WHO: Benjamin Todd Jealous, the youngest president in the history of the National Association for the Advancement of Colored People, will deliver the University of Rochester's 2014 Martin Luther King Jr. Commemorative Address. Jealous's address will draw on the tradition of leadership that connects Nelson Mandela, Martin Luther King, Jr., Shirley Chisolm, Frederick Douglas, Cesar Chavez, and Frances Willard to inspire young people to change the world. Jealous will discuss victories he has won, as well as those of young organizers he has trained and mentored, as a framework for how to achieve social transformation.

PRESS OPPORTUNITY: Press availability with Jealous will be scheduled from 3 to 3:30 p.m. on Friday, Jan. 24, in the Frederick Douglass Leadership House, located on Wilson Boulevard on the Fraternity Quadrangle.

COMMEMORATIVE ADDRESS: 6 p.m. on Friday, Jan. 24, Strong Auditorium on the River Campus. The address is free and open to the public.

ABOUT BENJAMIN TODD JEALOUS: A fifth generation member of the NAACP, Jealous began his career in civil rights at age 18, opening mail at the organization's Legal Defense Fund. He has since become an outspoken leader of successful state and local movements to ban the death penalty, outlaw racial profiling, defend voting rights, secure marriage equality, and free multiple wrongfully incarcerated people. Under his leadership, the NAACP grew to be the largest civil rights organization online and on mobile, experienced its first multi-year membership growth in 20 years, and became the largest community-based nonpartisan voter registration operation in the country. He announced last fall that he planned to step down from the leadership position at the end of 2013.

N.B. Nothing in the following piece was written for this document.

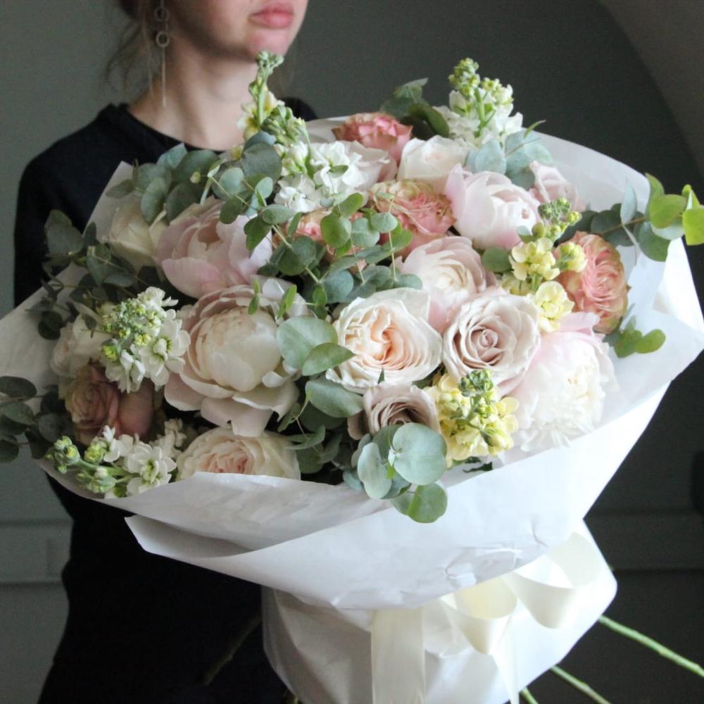Роза пионовидная – 7 шт.Роза сортовая – 7 шт.Маттиола – 7 шт.Пион – 5 шт.Эвкалипт – 9 шт.Упаковка – 1 шт.

Prior to leading the NAACP, Jealous spent 15 years working as a journalist and community organizer. While at Mississippi's Jackson Advocate Newspaper—the most frequently firebombed publication in the U.S. during the late 20th century—his investigations were credited with exposing corruption at the state penitentiary at Parchman and proving the innocence of a black farmer who was being framed for arson.

A Rhodes Scholar, Jealous is a graduate of Columbia and Oxford Universities. He was named to both Forbes and Time Magazine's 40 under 40 lists, labeled a Young Global Economic Leader by the World Economic Forum, and was #1 on TheRoot.com's list of 2013's Top Black Influencers.